In 2020, the French newspaper “Le Monde,” for example, wrote about China’s “pair-up” practice, which pairs poor western regions with their wealthier eastern counterparts to receive dedicated support on capital, technology, personnel and other resources to fight poverty.
The “pair-up” model has long been in practice. As an official in east China’s Fujian Province in 1997, Xi was in charge of Fujian’s pairing assistance to northwest China’s Ningxia Hui Autonomous Region. He had pushed for a relocation project during the tenure. The relocated town is home to 60,000 people today and thrives on mushroom farming and wine manufacturing.
Inspired by China’s experience in poverty eradication, Lao leader Bounnhang Vorachith had traveled to Shibadong Village — where the idea of targeted poverty alleviation had been put forward. He also visited Ningde, a poor region where Xi had worked during his tenure in Fujian.
After lifting hundreds of millions of people out of poverty, China can share what it has learned with the rest of the world, said U.S. billionaire philanthropist Bill Gates, whose foundation works with Chinese partners in this regard.
To prevent people from slipping back into poverty, China has been keeping an eye on vulnerable groups so as to spot their difficulties at the earliest stage possible and offer timely help.
For counties that newly emerged from poverty, China set a five-year transition period during which previous targeted anti-poverty policies will continue. The measure aims to ensure these counties can smoothly shift to the rural vitalization strategy.

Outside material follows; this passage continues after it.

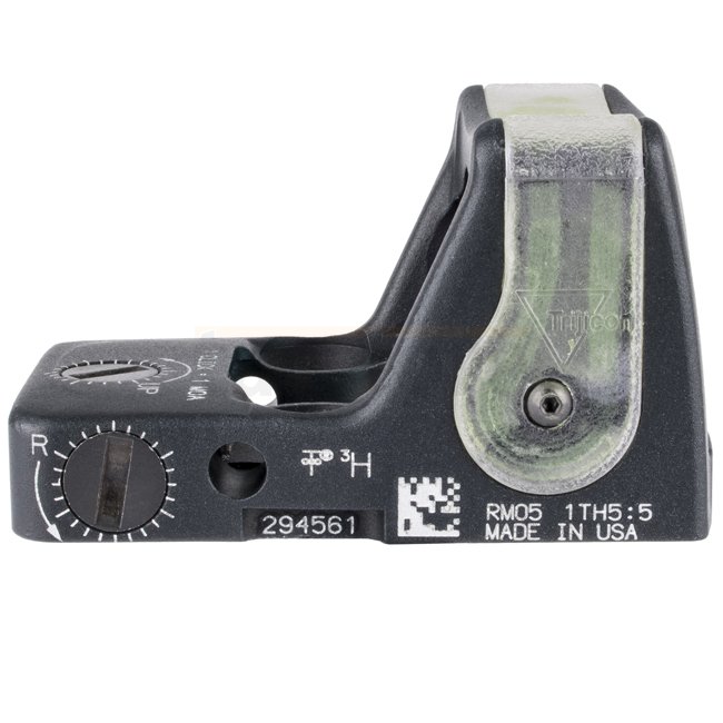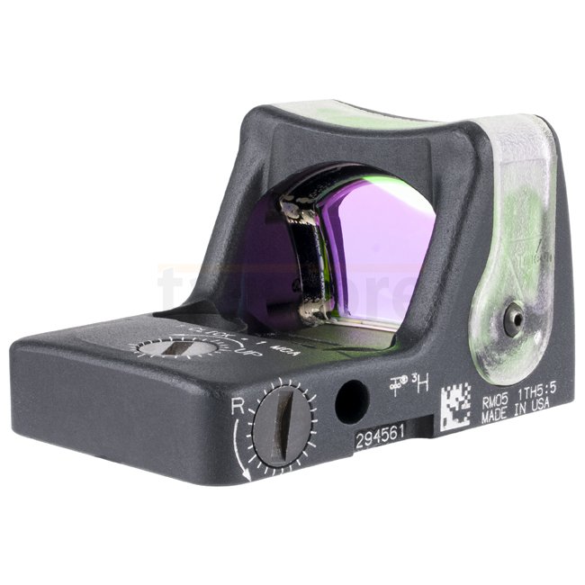 Designed for durability and speed, the Trijicon RMR RM05G features a green 9.0 MOA dot illuminated by fiber optics in daylight and tritium in low light. Its forged aluminum housing with patented shape helps deflect impact forces, making it exceptionally rugged while weighing only 34 g. With tool-less windage and elevation adjustments, the RMR RM05G provides a compact and reliable aiming solution for pistols, carbines and shotguns.

The strategy is an equally challenging task that aims to build rural areas into thriving businesses, with a pleasant living environment, social etiquette and civility, effective governance, and prosperity.
“We still need to stay tenacious like a bamboo deeply rooted in the rocks, keep our feet on the ground, and work hard to paint a magnificent picture of rural vitalization, and steadily march ahead towards the goal of common prosperity,” Xi said in 2021 New Year speech.